Weisselberg was sentenced Wednesday to five months in New York City's Rikers Island jail complex, in line with a plea agreement reached with prosecutors over perjury he committed in a 2023 civil fraud case.
Weisselberg pleaded guilty in March to two felony counts of perjury. The Manhattan District Attorney's Office said he admitted to giving false testimony regarding the size of former President Donald Trump's triplex apartment in New York during a July deposition.
Prosecutors initially charged Weisselberg with three additional counts of perjury, but their agreement allowed him to avoid pleading guilty to those charges.
One of those initial counts was related to false sworn testimony on May 12, 2023, in a discovery deposition. The other two counts stemmed from Weisselberg's October 10, 2023, testimony in his civil fraud trial, in which he and longtime former boss Donald Trump were found liable for fraud and other related allegations.
Weisselberg spoke once during the brief, two-minute hearing, after Justice Laurie Peterson asked if he had anything to say. "No, your honor," Weisselberg replied. Moments later he was led out of the courtroom in handcuffs.
New York State Attorney General Letitia James had accused Trump and his associates, including Weisselberg, of inflating the value of the Trump Organization to receive favorable loans and other benefits. That civil case ended with a judge ordering the former president to pay more than $450 million, including interest.
Weisselberg was found liable for fraud and ordered to pay $1 million plus interest. During the fraud trial, he acknowledged receiving $2 million in severance after leaving the Trump Organization.
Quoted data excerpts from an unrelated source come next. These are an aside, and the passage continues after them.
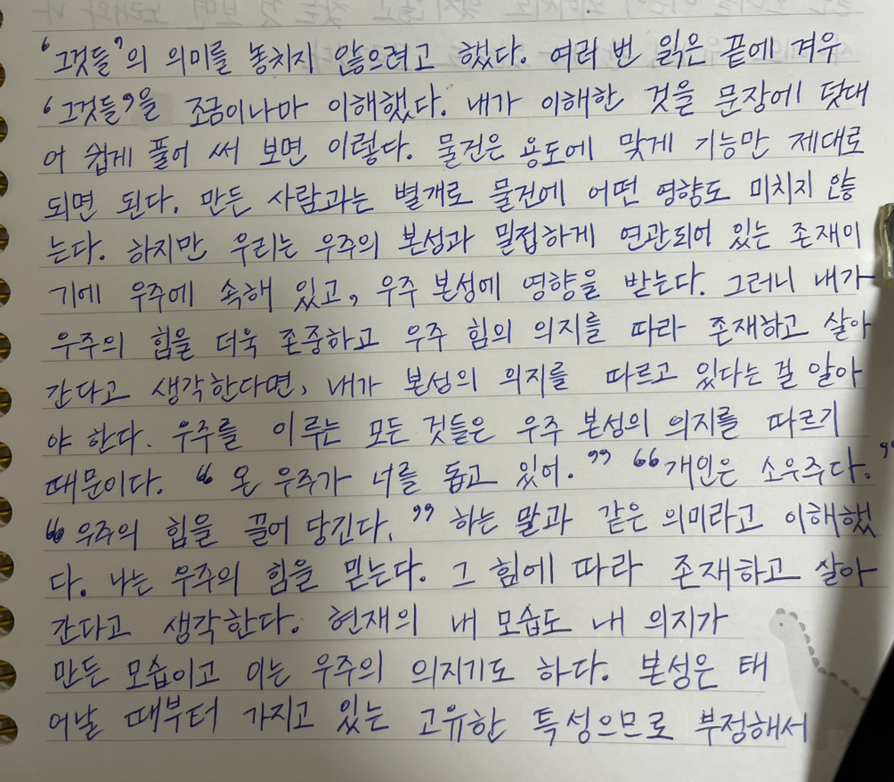 우주를 이루는 모든 것들은 우주 본성의 의지를 따르기 때문이다.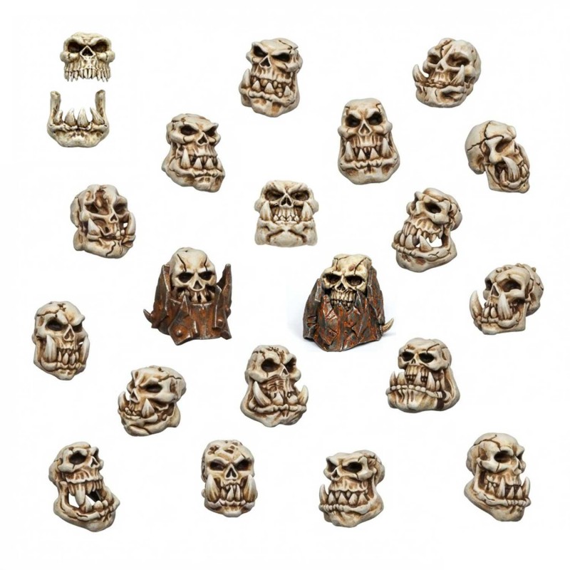 Orc Skulls Resin Set – 21 Pieces – Green Stuff World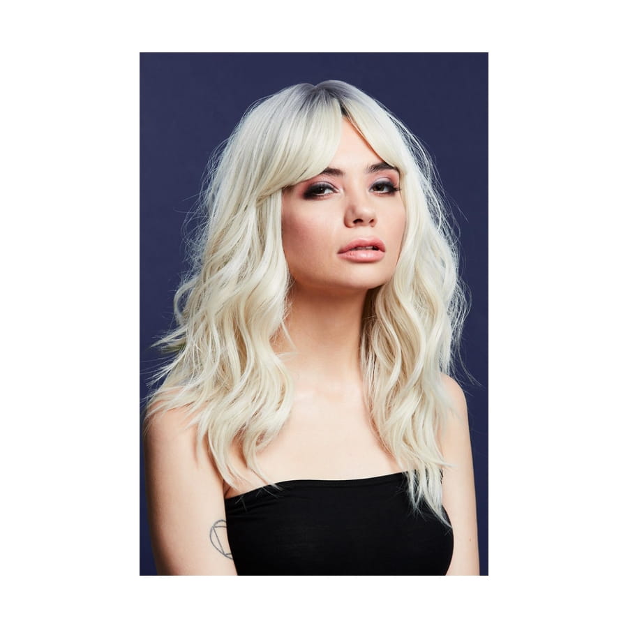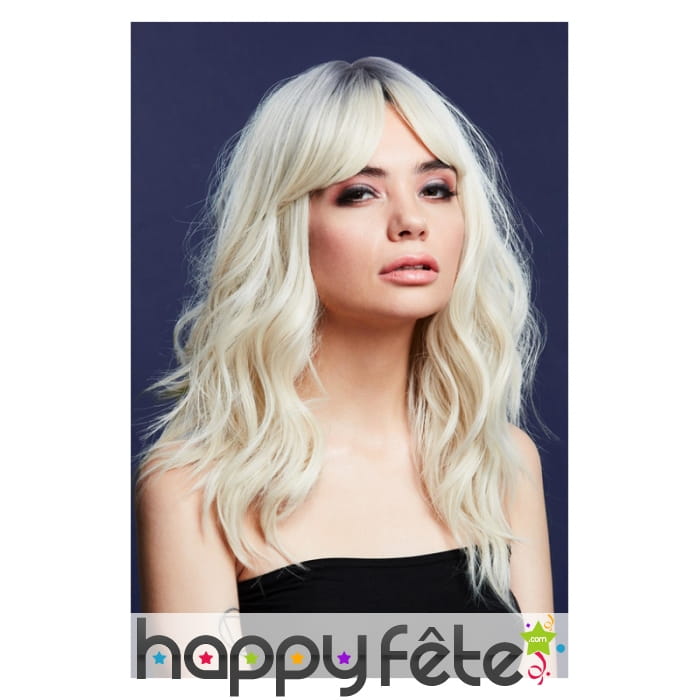 Longue de 48 cm environ, cette perruque agence des couleurs blond clair et noir au niveau des racines.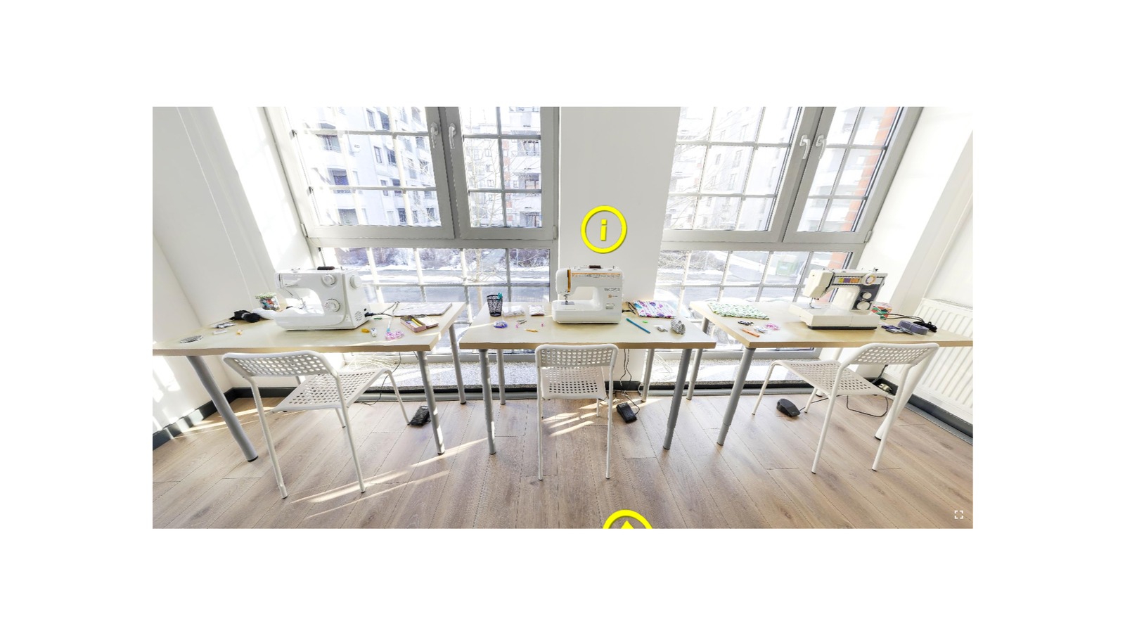 Wirtualna wycieczka przedstawia wnętrze pracowni kroju i szycia. Pracownia jest przestronna. Widoczne są duże okna, pod którymi ustawione są stanowiska pracy. Jedne z nich to niewielkie biurka z krzesłami. Na biurkach stoją maszyny do szycia i inne potrzebne przybory. Pod jedną ze ścian znajduje się duży stół, na którym leży rozwinięty materiał. Wokół na blacie leżą miarki, nożyczki i inne przybory. W przestrzeni umieszczone są punkty interaktywne. Po ich kliknięciu pojawiają się plansze z tekstem.

Bragg's office secured a previous guilty plea from Weisselberg in connection with a separate case, a 2022 criminal tax fraud case against the company, in which two subsidiaries of the Trump Organization were found guilty of 17 felony counts.
The Trump Organization entities were fined $1.6 million in the 2022 case. Trump was not personally charged in that case and denied any knowledge of fraud.
Under Weisselberg's plea deal in that case, he was required to testify at the Trump Organization trial in 2022.
As part of his plea agreement in Weisselberg's perjury case, prosecutors agreed not to call him as a witness in Trump's upcoming criminal trial, which is scheduled to begin Monday.
A timeline of perjury
On April 19, 2023, Weisselberg was released from a five month jail sentence after 100 days, for good behavior.
Thirty-two days later, on May 21, he committed perjury during a deposition, according to the Manhattan District Attorney.
On July 17 — 55 days later — he did it again, he admits.
And then again 87 days later, on Oct. 12, while on the stand in his civil fraud case, according to prosecutors.
Now Weisselberg has once again been sentenced to five months in jail.
He will be eligible for release in 100 days, with good behavior.